GIVEN DATA —
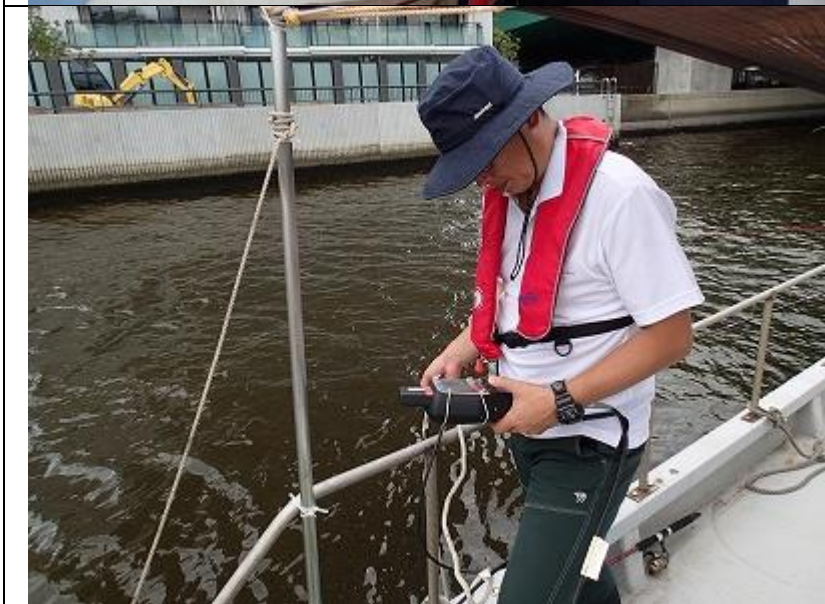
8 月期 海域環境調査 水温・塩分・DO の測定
* * *
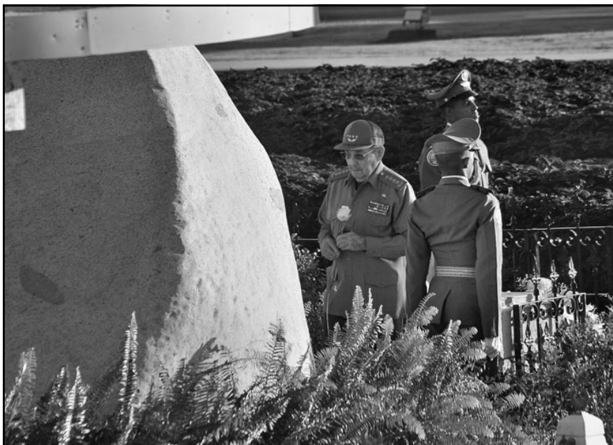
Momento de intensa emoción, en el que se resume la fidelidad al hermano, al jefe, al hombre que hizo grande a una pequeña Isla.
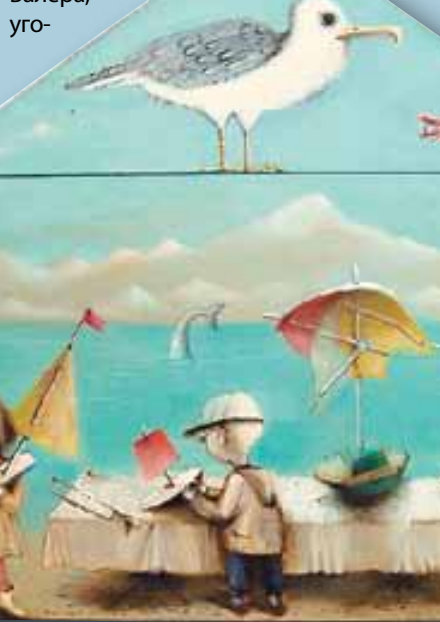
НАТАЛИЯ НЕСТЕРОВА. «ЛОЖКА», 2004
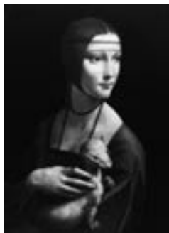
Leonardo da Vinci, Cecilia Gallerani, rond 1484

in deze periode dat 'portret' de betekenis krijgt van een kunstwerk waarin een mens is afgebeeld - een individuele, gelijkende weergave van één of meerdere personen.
...
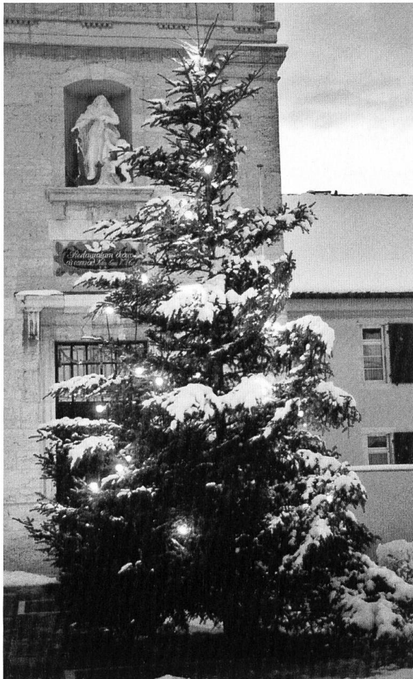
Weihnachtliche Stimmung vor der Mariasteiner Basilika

TASK OBJECTIVE — Take the stretch of lines above from the one containing "Leonardo da Vinci, Cecilia" through the one containing "in deze periode" and repeat it exactly, adding no other line.

OUTPUT FOR THIS EXERCISE —
Leonardo da Vinci, Cecilia Gallerani, rond 1484

in deze periode dat 'portret' de betekenis krijgt van een kunstwerk waarin een mens is afgebeeld - een individuele, gelijkende weergave van één of meerdere personen.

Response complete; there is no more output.